**YOUR TASK**
Copy exactly the lines that run from the top of the listing to the line containing "和值分析:在历史同时开奖中,前区和值出现", both ends included, and omit the pictures.

**DATA UNDER STUDY**
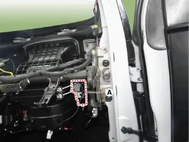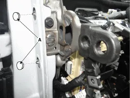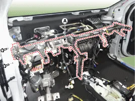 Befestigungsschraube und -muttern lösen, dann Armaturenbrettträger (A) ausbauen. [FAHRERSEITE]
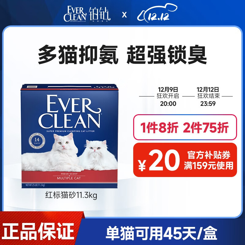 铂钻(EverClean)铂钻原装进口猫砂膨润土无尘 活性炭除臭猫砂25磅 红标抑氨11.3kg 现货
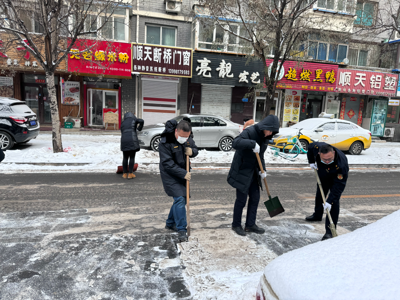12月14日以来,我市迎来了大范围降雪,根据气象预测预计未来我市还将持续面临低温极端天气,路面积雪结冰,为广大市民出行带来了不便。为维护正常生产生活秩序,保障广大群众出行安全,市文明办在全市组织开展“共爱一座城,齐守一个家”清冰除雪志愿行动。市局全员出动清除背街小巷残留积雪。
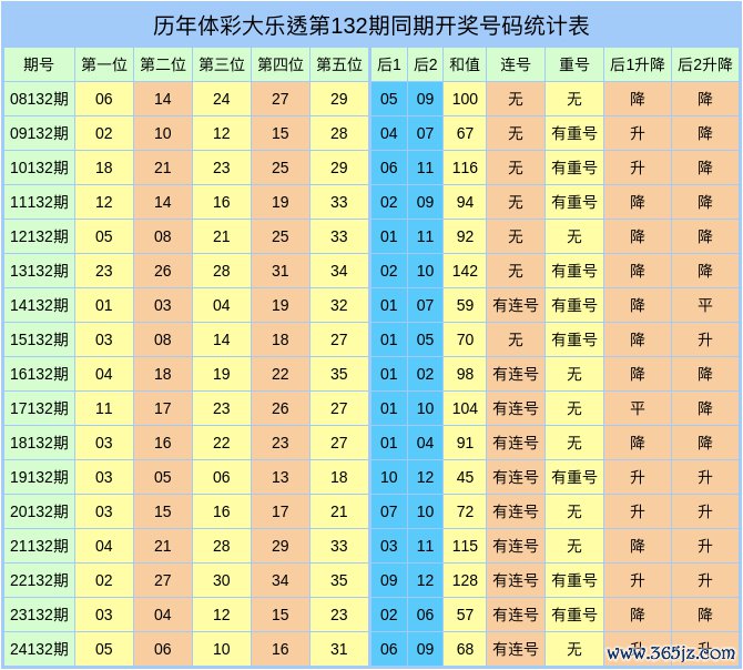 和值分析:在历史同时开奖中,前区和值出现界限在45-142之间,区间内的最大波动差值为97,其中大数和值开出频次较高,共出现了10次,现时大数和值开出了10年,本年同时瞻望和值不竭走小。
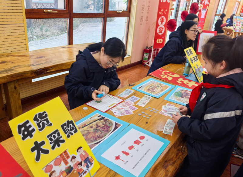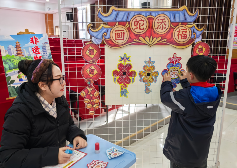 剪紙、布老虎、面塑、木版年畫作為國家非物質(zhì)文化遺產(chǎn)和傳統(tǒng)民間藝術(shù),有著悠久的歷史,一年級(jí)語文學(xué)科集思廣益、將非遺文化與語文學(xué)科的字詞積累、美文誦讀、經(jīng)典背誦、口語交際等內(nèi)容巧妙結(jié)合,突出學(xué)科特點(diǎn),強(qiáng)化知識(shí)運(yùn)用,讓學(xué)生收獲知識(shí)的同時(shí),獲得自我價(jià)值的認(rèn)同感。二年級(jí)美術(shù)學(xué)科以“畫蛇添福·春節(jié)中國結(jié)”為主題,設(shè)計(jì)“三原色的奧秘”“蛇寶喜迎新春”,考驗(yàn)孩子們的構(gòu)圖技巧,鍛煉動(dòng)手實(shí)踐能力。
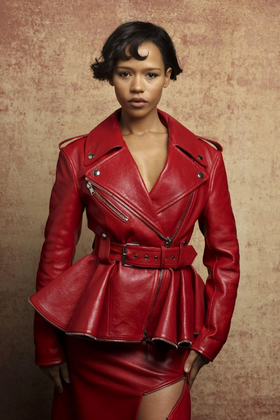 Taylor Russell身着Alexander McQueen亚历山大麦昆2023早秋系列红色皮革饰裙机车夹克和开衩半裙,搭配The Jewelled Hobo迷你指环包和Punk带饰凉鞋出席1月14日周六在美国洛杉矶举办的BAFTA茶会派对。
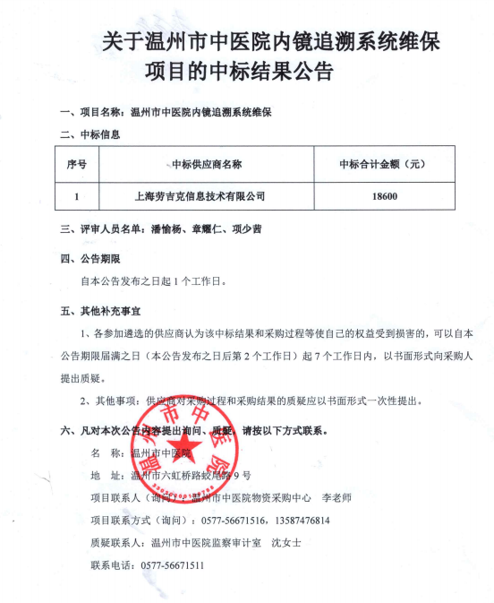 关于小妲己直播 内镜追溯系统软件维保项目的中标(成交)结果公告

**RESPONSE AREA**
 Befestigungsschraube und -muttern lösen, dann Armaturenbrettträger (A) ausbauen. [FAHRERSEITE]
 铂钻(EverClean)铂钻原装进口猫砂膨润土无尘 活性炭除臭猫砂25磅 红标抑氨11.3kg 现货
12月14日以来,我市迎来了大范围降雪,根据气象预测预计未来我市还将持续面临低温极端天气,路面积雪结冰,为广大市民出行带来了不便。为维护正常生产生活秩序,保障广大群众出行安全,市文明办在全市组织开展“共爱一座城,齐守一个家”清冰除雪志愿行动。市局全员出动清除背街小巷残留积雪。
 和值分析:在历史同时开奖中,前区和值出现界限在45-142之间,区间内的最大波动差值为97,其中大数和值开出频次较高,共出现了10次,现时大数和值开出了10年,本年同时瞻望和值不竭走小。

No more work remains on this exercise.